> _Goal of the exercise_:
The task for the listing below is to write out exactly the lines starting at the one containing "最近、SNSでよく見かけるY" and ending at the one containing "Синий, прозрачная оправа, прозрачные", both included. Pictures are to be omitted.

> _Task input_:
□ □ □
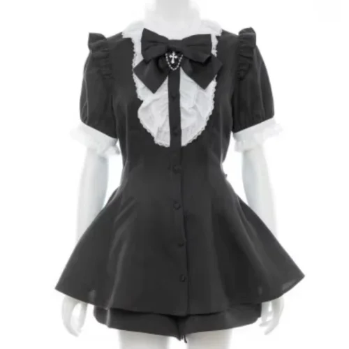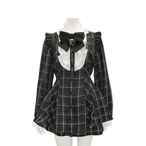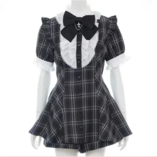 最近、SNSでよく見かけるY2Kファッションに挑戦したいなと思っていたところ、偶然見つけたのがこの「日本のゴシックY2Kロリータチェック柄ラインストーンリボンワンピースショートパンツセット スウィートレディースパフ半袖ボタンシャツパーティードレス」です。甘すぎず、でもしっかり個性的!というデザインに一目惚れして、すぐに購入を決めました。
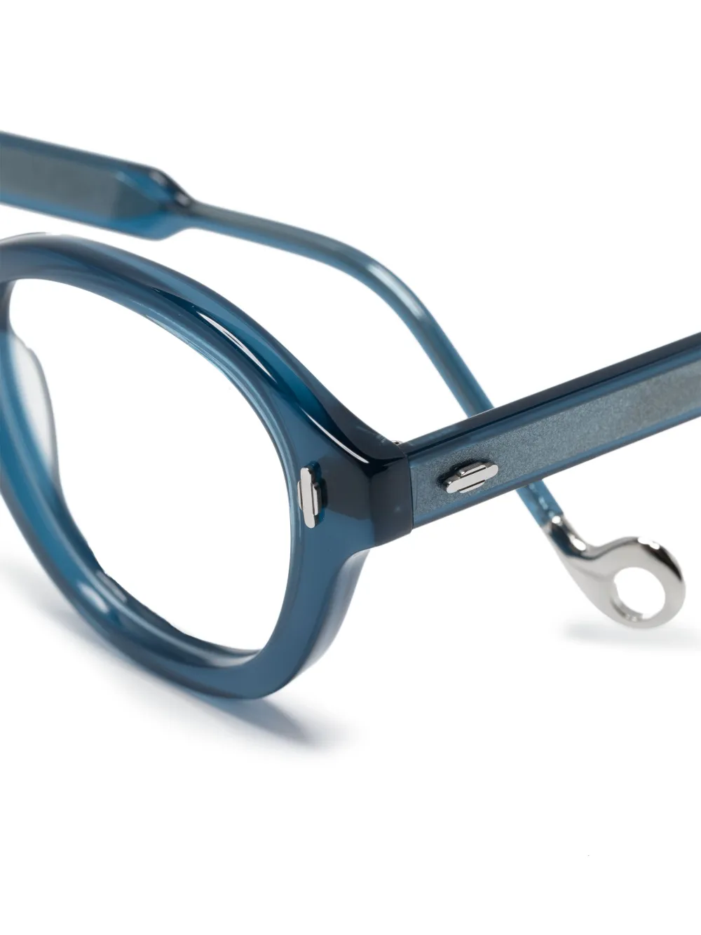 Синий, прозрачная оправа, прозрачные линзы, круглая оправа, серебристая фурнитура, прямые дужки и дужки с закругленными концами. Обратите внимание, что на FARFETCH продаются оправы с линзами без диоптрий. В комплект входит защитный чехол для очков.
□ □ □
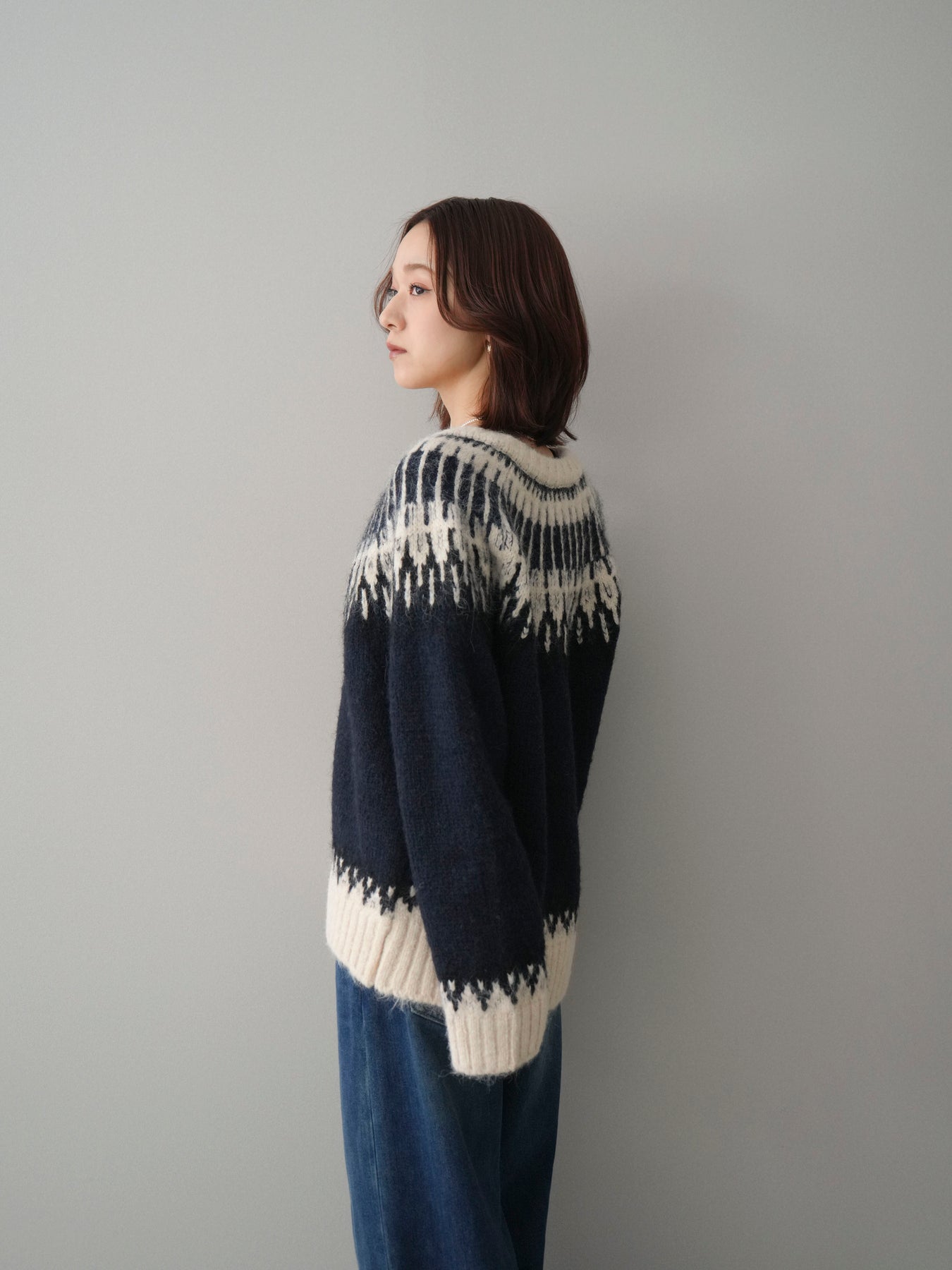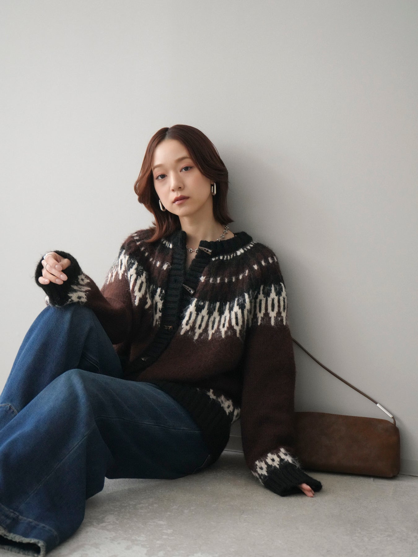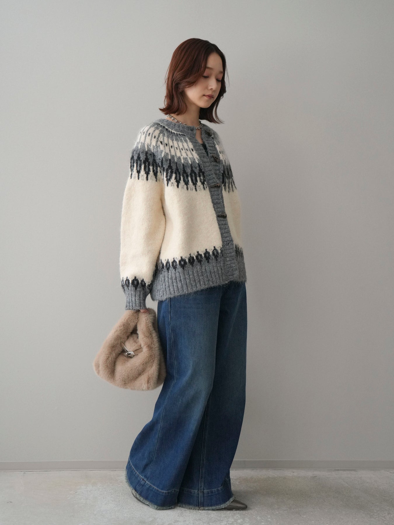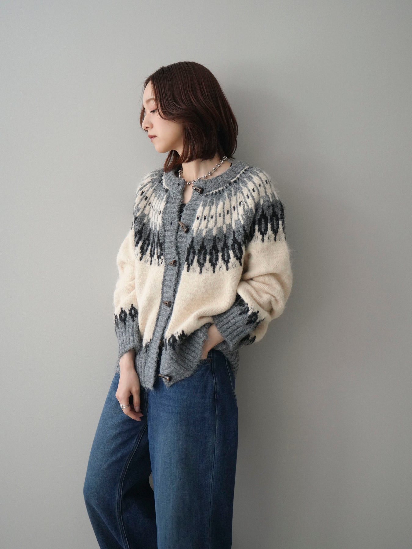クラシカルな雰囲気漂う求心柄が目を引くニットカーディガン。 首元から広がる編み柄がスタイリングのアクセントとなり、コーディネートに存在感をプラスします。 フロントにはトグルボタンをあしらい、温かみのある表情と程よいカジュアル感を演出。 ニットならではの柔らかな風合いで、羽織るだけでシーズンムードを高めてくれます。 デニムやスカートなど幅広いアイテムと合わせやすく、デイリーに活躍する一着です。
□ □ □
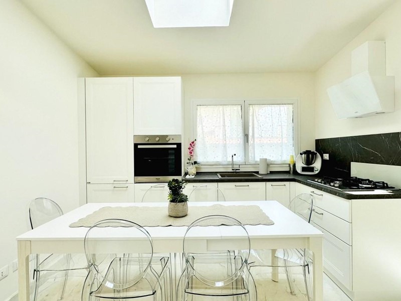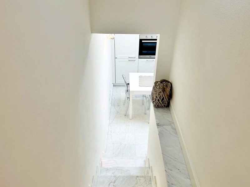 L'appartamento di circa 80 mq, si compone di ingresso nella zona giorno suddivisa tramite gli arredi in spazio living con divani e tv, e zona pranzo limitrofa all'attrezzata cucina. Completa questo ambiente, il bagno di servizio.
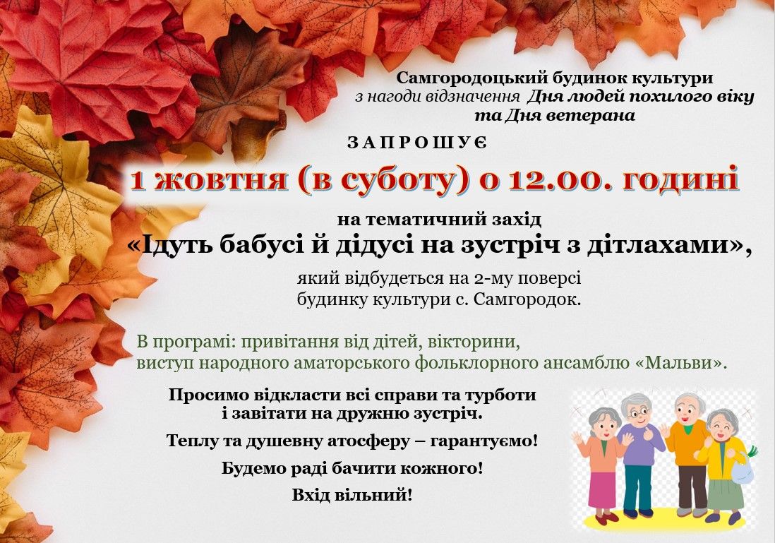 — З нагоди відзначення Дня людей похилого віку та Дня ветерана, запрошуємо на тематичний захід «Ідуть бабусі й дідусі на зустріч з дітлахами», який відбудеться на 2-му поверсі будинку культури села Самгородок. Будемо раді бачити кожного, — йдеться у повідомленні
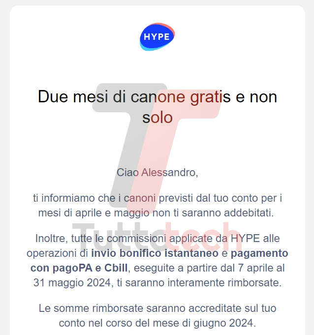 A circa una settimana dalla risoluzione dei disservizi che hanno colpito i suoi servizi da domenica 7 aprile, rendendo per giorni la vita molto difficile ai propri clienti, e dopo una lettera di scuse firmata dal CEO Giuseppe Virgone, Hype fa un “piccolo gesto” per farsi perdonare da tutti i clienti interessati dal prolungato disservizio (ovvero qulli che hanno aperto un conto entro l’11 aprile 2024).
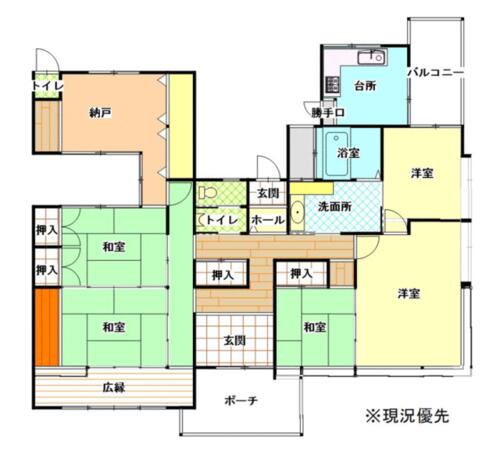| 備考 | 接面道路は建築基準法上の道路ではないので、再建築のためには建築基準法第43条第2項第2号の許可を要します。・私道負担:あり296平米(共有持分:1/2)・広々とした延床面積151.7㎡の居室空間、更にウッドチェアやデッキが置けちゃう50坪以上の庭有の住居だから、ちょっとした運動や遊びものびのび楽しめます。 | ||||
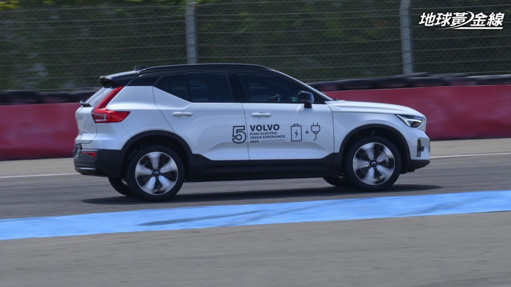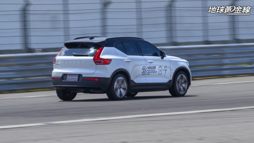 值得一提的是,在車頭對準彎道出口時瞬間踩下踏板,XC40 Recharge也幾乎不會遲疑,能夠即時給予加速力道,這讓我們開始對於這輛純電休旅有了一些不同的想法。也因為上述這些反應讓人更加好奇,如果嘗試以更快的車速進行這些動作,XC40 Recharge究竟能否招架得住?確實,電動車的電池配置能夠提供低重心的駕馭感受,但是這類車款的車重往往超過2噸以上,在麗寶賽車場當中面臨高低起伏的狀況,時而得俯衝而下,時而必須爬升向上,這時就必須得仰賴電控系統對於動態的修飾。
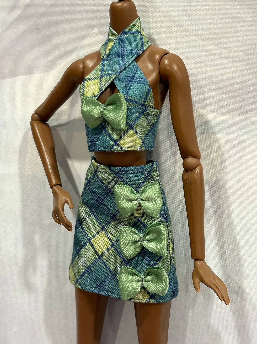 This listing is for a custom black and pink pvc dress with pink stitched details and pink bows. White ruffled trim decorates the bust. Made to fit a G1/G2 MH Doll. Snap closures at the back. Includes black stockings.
□ □ □
> _Response to the task_:
 最近、SNSでよく見かけるY2Kファッションに挑戦したいなと思っていたところ、偶然見つけたのがこの「日本のゴシックY2Kロリータチェック柄ラインストーンリボンワンピースショートパンツセット スウィートレディースパフ半袖ボタンシャツパーティードレス」です。甘すぎず、でもしっかり個性的!というデザインに一目惚れして、すぐに購入を決めました。
 Синий, прозрачная оправа, прозрачные линзы, круглая оправа, серебристая фурнитура, прямые дужки и дужки с закругленными концами. Обратите внимание, что на FARFETCH продаются оправы с линзами без диоптрий. В комплект входит защитный чехол для очков.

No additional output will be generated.